If, however, you like watches that will not require too much attention and maintenance, then automatic watches might be it for you. If you do not want to interact too much with your watch, then automatic watches are the way to go for you. Automatic watches keep working perfectly fine as long you wear them regularly. This is why these watches are better for people who cannot be bothered to wind up watches regularly. 

Power Reserve

The power reserve of a watch is what tells us how long the watch will be able to keep time and operate properly after it has been wound completely. We are already aware of the fact that both types of watches need a bit of winding up to keep the watches accurate and functioning properly. It has to be mentioned that the winding-up process of both watches is vastly different. 

If both watches are placed side to side for the sake of comparison, we will find that mechanical watches with their manual winding process have a much greater power reserve than automatic watches. In general, mechanical watches can store energy for extended periods. This time can range from 38 hours to about 72 hours. 

Automatic watches, on the other hand, have a much smaller power reserve when compared to mechanical ones. Their power reserves typically last for about 24 to 48 hours. 


This is not the easiest thing to say. Which watch will be more complex to use will depend on a whole host of different things. This includes the sophisticated and intricate features of the watch, its functions, and the mechanisms that have been incorporated into the design and the movement of the watch.

This is pretty straightforward, the more complications a watch might have, the more complex it will generally be. These can be a whole host of things including chronographs, calendars, alarms, etc. 

It has to be mentioned that both types of watches are complex in their own right because of the design choices and the features incorporated by the manufacturer. A lot of people think that automatic watches are more complex. This is because they have additional things like rotors and a sort of winding mechanism that converts the movement of the wearer’s wrist into a type of winding energy. 

While this does increase the total number of components inside the watch, it may not necessarily make it more complex. 

Other things that can add to the intricacies of a watch include the guilloche, hand engravings, and gem-setting as well. The overall complexity of a watch will depend on a multitude of factors. The design philosophy of the manufacturer is of prime importance here as this will inform how complex they make their watches. 


When we talk about watch servicing, we are talking about the cleaning, maintenance, and possible repairs a watch requires to keep it working properly and telling time accurately. In general, the process will involve cleaning all the individual components, taking apart the watch’s different parts, getting rid of dust and other undesirables, carefully inspecting the different components, and also repairing/replacing. 

It would not be too smart of us to say that one type of watch needs more servicing than the other. However, mechanical watches indeed tend to crave more attention. Take the mainspring for example. In mechanical watches, this needs to be wound up regularly. 

If the watches are not wound up regularly or if it is wound a bit too tightly, it may decrease the accuracy of the watch and it can even cause damage to the watch’s movement. 

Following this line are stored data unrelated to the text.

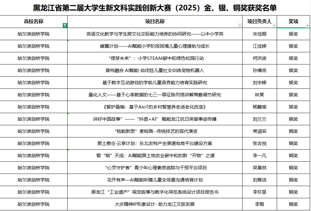 10月12日,备受瞩目的黑龙江省第二届大学生新文科实践创新大赛决赛在哈尔滨师范大学举行。我校学子在本次大赛中斩获省级银奖7项,铜奖8项,8支项目团队晋级国赛。
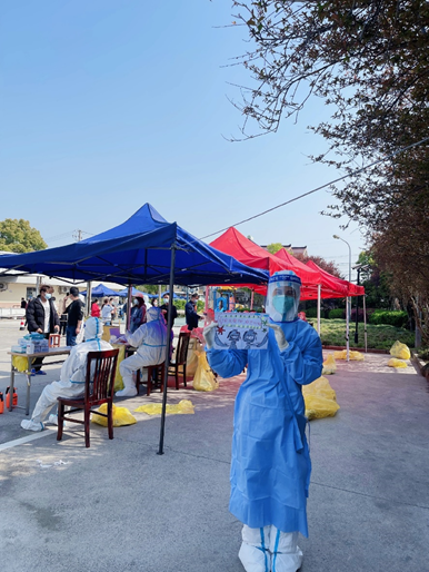2019级护理学专业(嘉定)的顾允同学就职于安亭医院。在本次疫情期间,她积极参与全市核酸大检测任务,奋战在安亭万立城、园区路301弄、星塔村、和静路288号等社区。
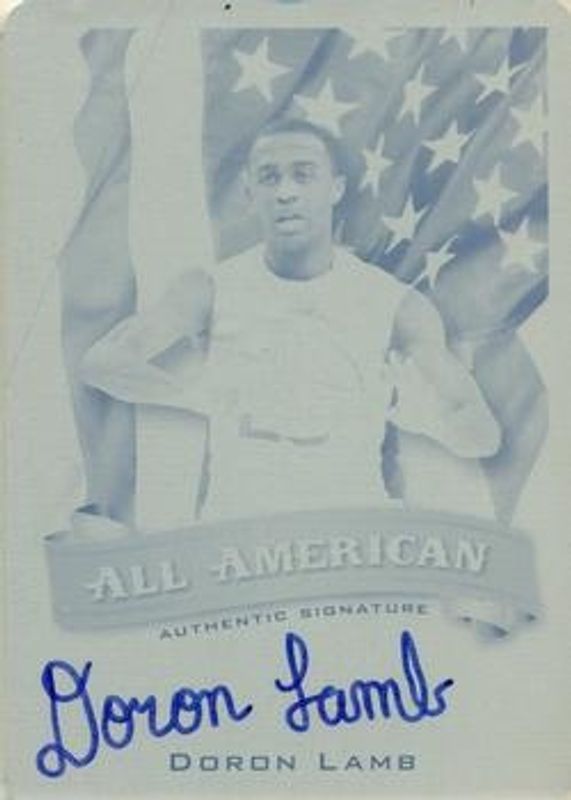 The Doron Lamb 2012 Leaf Signature Series #AA-DL2 All American - Printing Plates Black /1 Rookie card is 1 of 43 Doron Lamb's card variations in the 2012 Leaf Signature Series set being tracked by Sports Card Investor, including Base, Silver /99, Gold /25, Blue /10, and Red /5.
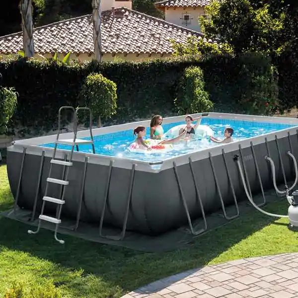 • Konstrukcija obezbeđuje stabilnost i dugovečnost: metalne noge imaju zaštitni premaz i kape za dno, što sprečava oštećenje bazena. Stepenice i platforma od ojacanog ABS plastike opremljene su neklizajućim gazistima za povećanu bezbednost.
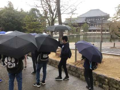 今から外に出ようというタイミングで雨が降り出しました。 慌ててバスに傘を取りに戻る子もいました。
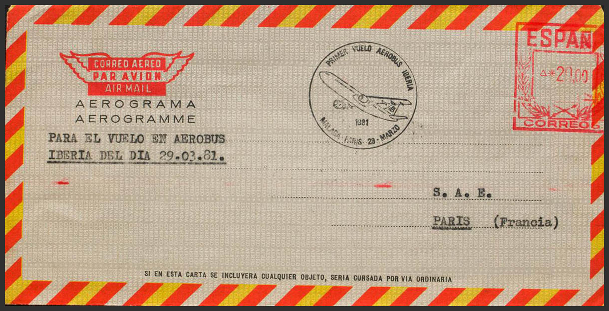 English AE141. 1981. 20 pts on aerogram. BARCELONA to PARIS (FRANCE). On the front postmark FIRST FLIGHT AEROBUS IBERIA, arrival on the back. MAGNIFICENT AND RARE.
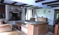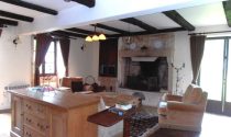 Lounge (33m2) Flagstone floor. Beams. Open fireplace, and pellet burner which heats the downstairs bedroom, the kitchen and upstairs
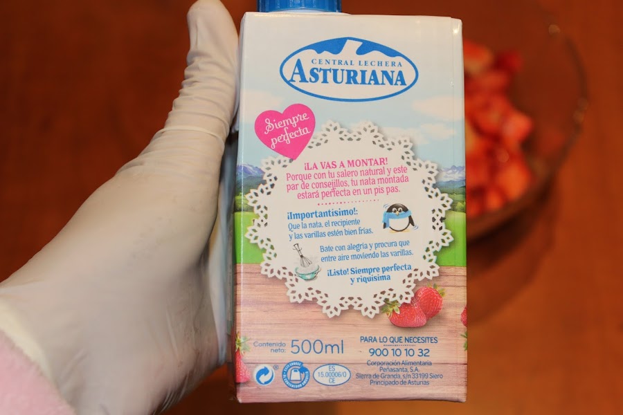 Lo primero que tenemos que tener presente es que la nata (crema de leche) que compremos sea de muy buena calidad, con un mínimo de materia grasa del 35,1% de materia grasa, para que la nata (crema de leche) quede bien montada. También da muy buen resultado, la nata (crema de leche) vegetal.

Automatic watches do not need as regular maintenance as mechanical ones. This is because they are self-winding machines. It depends on the individual watch, but in general, automatic watches will only need servicing about every 5 to 10 years. 

Frequently Asked Questions

Are Automatic Watches Better Than Mechanical Ones?

Automatic watches use a self-winding mechanism whereas mechanical watches use mechanical movements. In such terms, automatic watches are better.

Do Mechanical Watches Last Longer?

With care, mechanical watches last a lifetime and sometimes more than that.